Some residents will, and have, immediately demand that the trucks be halted - but that may do more harm than good. With no agreement or permit, the trucks will indeed stop dumping. What also stops is testing protocols, and what little control the township currently has in the operations of the site.
Like it or not, there’s a big pile of dirt sitting south of Greenbank - and no amount of political finger-pointing will magically remove it. The only remaining recourses are to manage where this dirt will come from in the future, and to help calm the worries of those unfortunate residents who were made to live next to it.

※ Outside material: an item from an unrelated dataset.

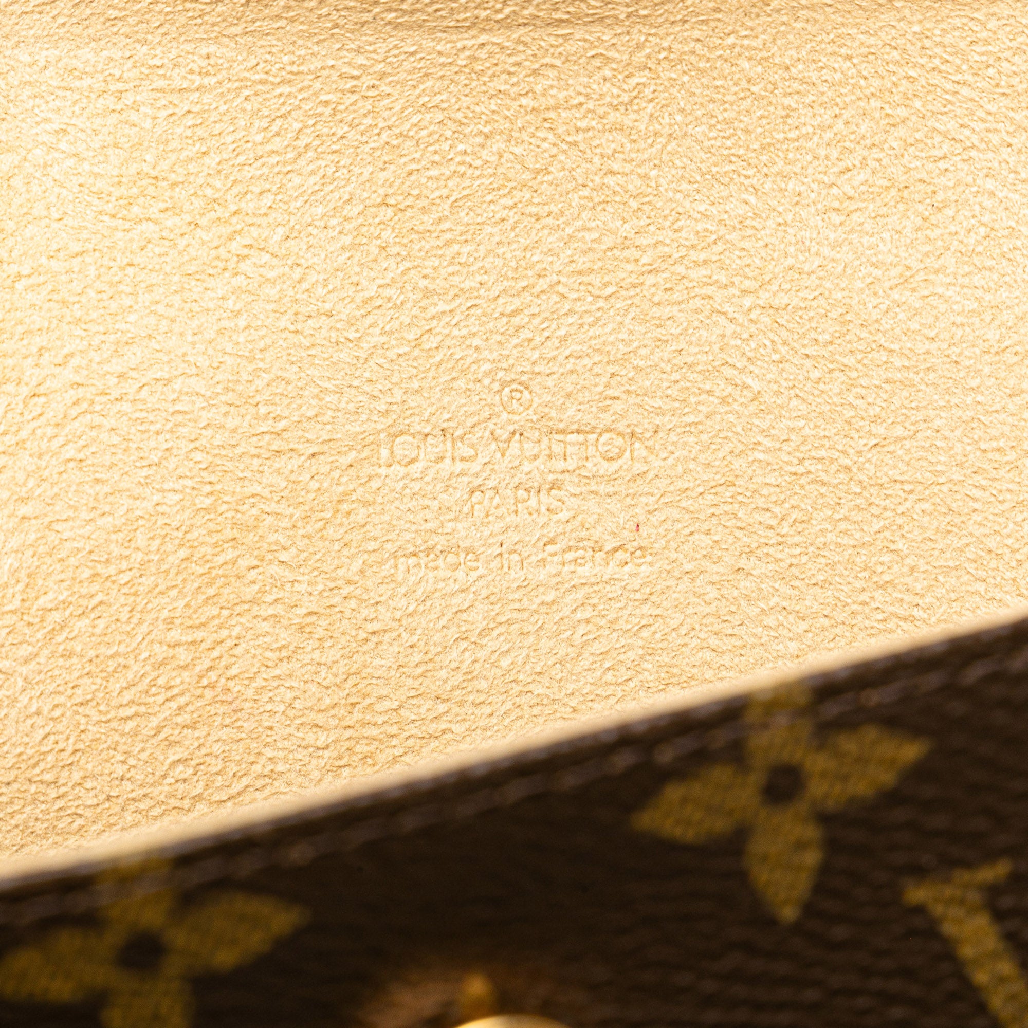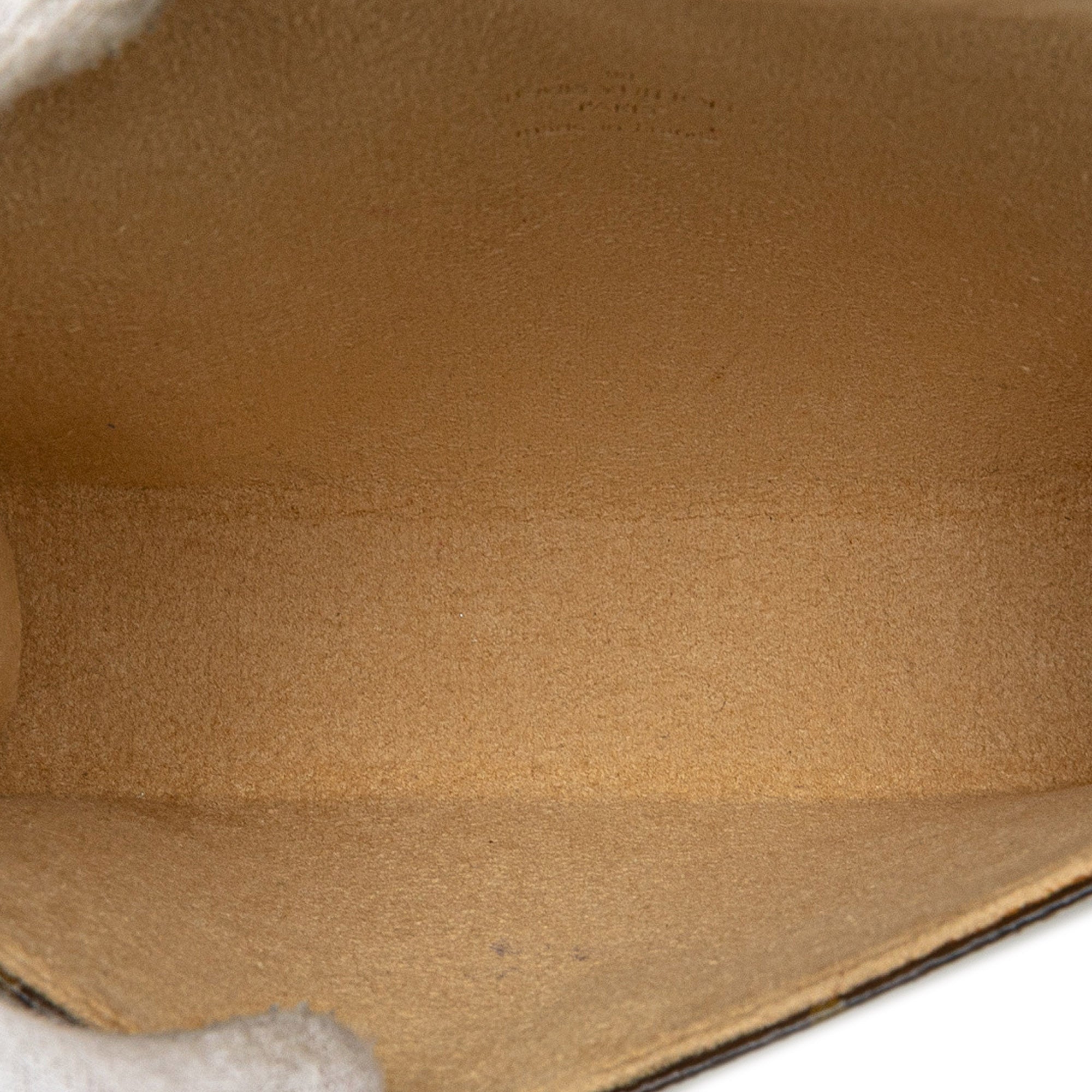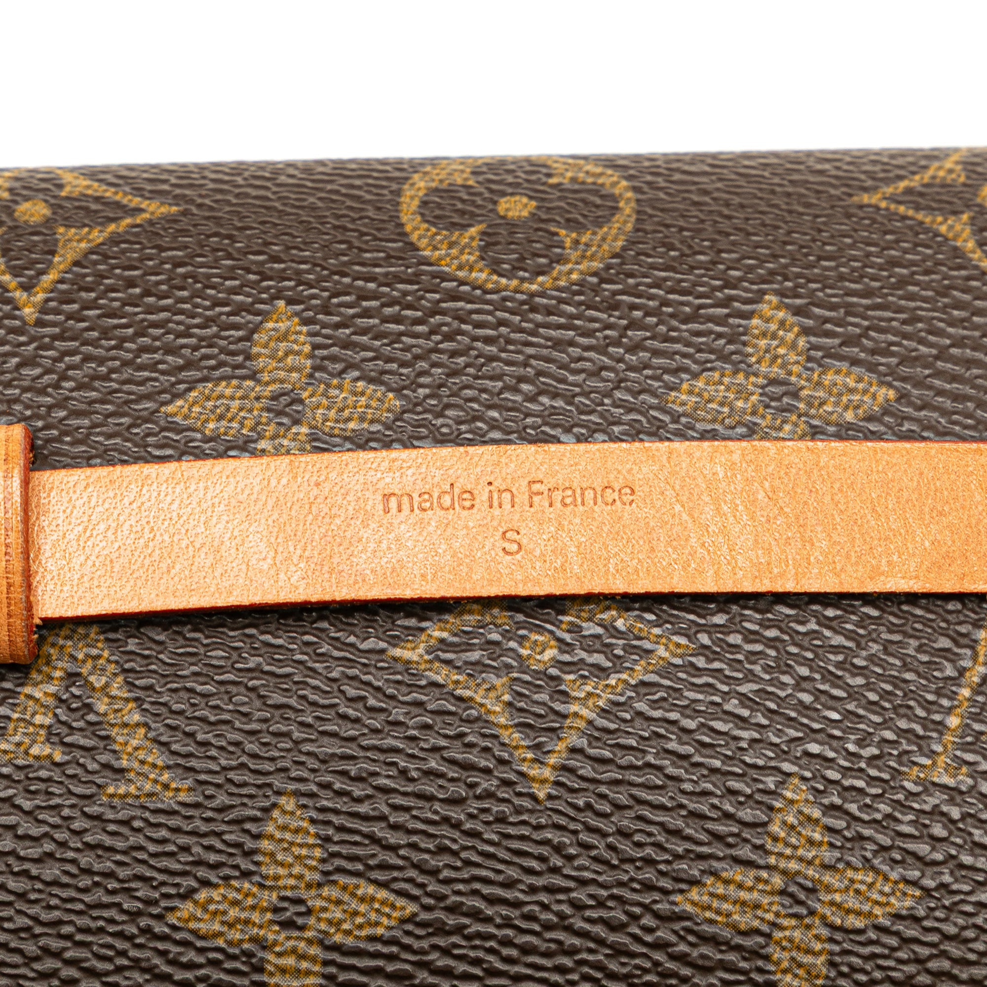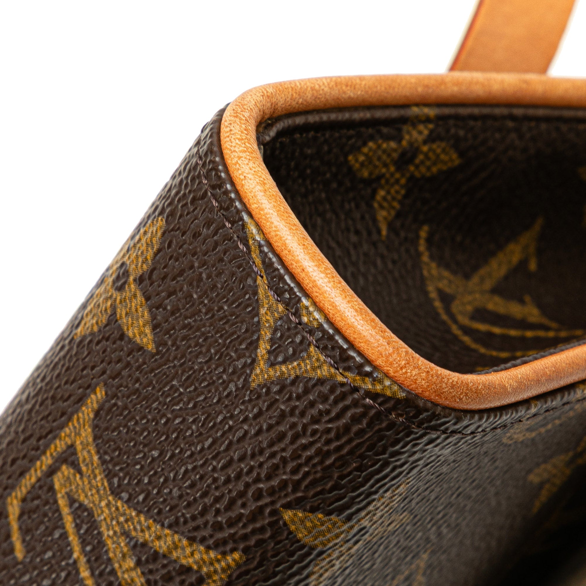The Pochette Florentine features a monogram canvas body with vachetta leather trim, a flat vachetta leather waist strap, and a front flap with magnetic snap closure. Retail Price: 617.00

In the mean time, as the Ministries of Transportation, Environment, Natural Resources and Agriculture and Rural Affairs continue to play hot potato with the big ball of mud, all while sitting idling by as the lowest (and poorest) level of government is left to deal with this matter - the people of Greenbank, and anyone who drinks water in the Township of Scugog, would just like to be kept in the loop.
Private meetings behind locked doors, a lack of any accountability, and the disregard of any public comment only steers the frustrated public towards one common answer - something must smell fishy, or else these testing reports would be handed out like Pez.
Scugog is known for it’s lakes, forests, wildlife and beautiful countryside - the tourism and agricultural industries are the main economic drivers in this growing community. If a precedent isn’t set here and now, Scugog is in-line to become ‘Ontario’s Little Oil Sands’.
Council was elected to tame this beast - the sooner the better.